Consent processes will be conducted within a framework of general requirements which dictate that consent must be competent, voluntary and informed.
Children under 16 years of age are not automatically presumed legally competent but the Gillick case in 1986 which underpins the Fraser guidelines (Piercy and Hargate, 2004) ensured that children under 16 can give consent if a standard of sufficient understanding and intelligence is met (BMA,2001)
Depsite much current debate about the need for additional consent of adults to that of competent mionrs, the proposed research will follow that parental consent is desirable even if the child is competent.
Participation will be entirely voluntary and no pressure will be placed upon individuals to participate. Language used in accompanying information is designed to be invitational and not coercive taking care that individuals do not feel obliged to consent (Masson, 2004). The proposed research is considered ‘minimal risk’ as defined by the RCPCH (2000). If the parent consents but the child is unwilling to participate it will be unappropriate and unethical to proceed.

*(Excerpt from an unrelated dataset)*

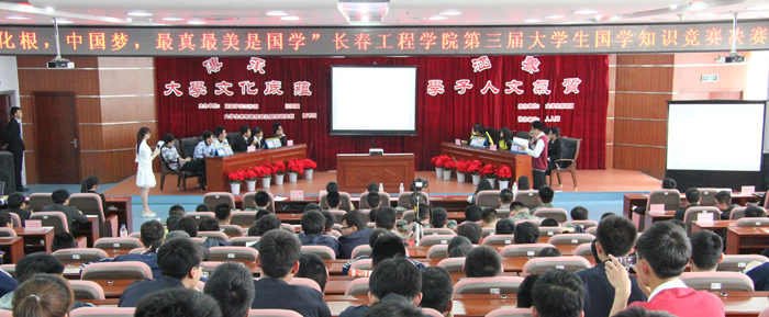 国学贯穿于古今,是中国优秀传统文化的精髓。为培育和践行社会主义核心价值观,传承中华优秀传统文化,助力我校大学文化建设,增强宣传思想工作的感染力和吸引力,提升广大长工程学子文化修养。4月26日,由学生工作处、校团委、大学生思想政治教育研究所和图书馆联合主办,大学生思想政治素质建设委员会承办,人人网协办的“文化根,中国梦,最真最美是国学”第三届大学生国学知识竞赛决赛在逸夫图书馆八楼报告厅举行。主办单位的相关教师、各学院学生代表近300人现场观看了比赛。

For any consent to be valid, prospective participants must have sufficient information to enable them to understand what the research is about and what their participation involves. Age appropriate information leaflets and explantory material will be produced. The format and content of the material has been informed by consultation with colleagues and other sources (Greig and Taylor, 1999; Kirby 1999; Christensen and James, 2000; Fajerman et al 2000; Worrall 2000; Save the Children, 2003; Fraser et al, 2004; Save the Children, 2004).